11 Agustus 2022, usai berpamitan, kontingen segera utiwi menaiki si “tayo” ke Cibubur via tol Trans Jawa. Sesampainya di Jakarta pada keesokan harinya, tugas saya waktu itu adalah dropping perlengkapan ke kapling kemah. Kontingen Solo tidak pernah berubah, selalu ditempatkan di Sub Kemah 4 yang posisinya memang agak belakang dan jauh dari lapangan utama. Sore di hari pertama, air Tuhan turun menyapa perkemahan. Permulaan yang bagus untuk belajar di alam terbuka. Sama seperti peribahasa kawan-kawanku di golongan penegak, “Kemah nek ora udan, ora kemah”.
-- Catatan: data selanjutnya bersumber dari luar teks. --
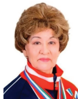
Л. Б. Назмутдинова

пионкой РСФСР и СССР. Более 10 лет была капитаном сборной СССР по художественной гимнастике. В 1965 на чемпионате мира выиграла бронзу в упражнениях с предметами. После завершения спортивной карьеры продолжила тренерскую работу (до 1999). Судья и член апелляционного жюри VII летней Спартакиады народов СССР по художественной гимнастике (1979, Челябинск). Награждена медалями. Лит.: Поэзия движения / Л. Коган // ВЧ. 1979. 2 июня.

Hari pembukaan berjalan cukup lancar, meski banyak peserta kecewa karena tidak jadi dibuka oleh Presiden. Suasana upacara jadi sedikit agak wagu, karena Kamabinas berhalangan hadir membuka perhelatan akbar Pramuka ini. Usai pembukaan, sepasang kaki ini membawa saya untuk mampir ke kafetaria, tidak jauh dari lapangan utama. Segelas kopi dan roti semir terhidang, meski memang harganya tak semurah di kota kelahiran. Sebatang rokok ditawarkan oleh Kak Rumi, seorang pelatih dari Maluku. Tak lama kita berbincang cukup asyik kesana kemari sembari menghabiskan abu di tangan.
Dok.Pribadi |
Hari demi hari berlalu di bumi perkemahan. Disinilah sebenarnya peserta melatih diri, bersosialisasi, dan belajar untuk tidak menjadi pribadi individualistik. Menemukan kesadaran bahwa nyatanya manusia itu tidak ada yang bisa hidup sendiri tanpa bantuan orang lain. Tidak seperti film Chuck Norris yang dengan sendirian bisa menjadi “Lonewolf” menghabisi musuh-musuhnya, atau seperti Sylvester Stallone yang tanpa kawan menjadi “Rambo” melawan Vietcong.
Harapan saya sebagai pendamping hanya ingin mereka menjadi generasi yang tidak letoy, lemah mental juang, atau bahkan terlalu manja dengan banyaknya sarana pendukung di sekitar mereka. Menjadi pandu berarti belajar bertahan dalam berbagai kondisi. Seperti layaknya pasukan komando, seorang pandu tidak cepat panik, ia tahu harus berbuat apa dan tetap tenang dalam kondisi di bawah tekanan.
Minggu malam, akhirnya kami se-kontingen tiba kembali di kota bengawan. Senyum sumringah orangtua peserta tampak dari wajah-wajah mereka yang harap-harap cemas ditinggalkan anaknya berkemah 10 hari. Melihat fenomena itu, pikiran saya jadi mengenang waktu dulu masih menjadi peserta. Jaman masih lugu dan ra mudengan, hehehe.
Tengah malam saya menjadi orang terakhir yang pulang dari Kwarcab. Seusai memesan taksi online, gerbang sanggar tertutup kembali dalam kesunyian.
Perut sudah berbunyi, waktu sudah agak siang. Tak terasa gelas sudah mengering dan abu rokok sudah mau habis. Sepertinya kisah petualangan Jambore tahun ini harus selesai sampai disini, daripada saya harus menguntal obat maag kembali. Sampai jumpa diperjalanan yang lain, salam kenthos!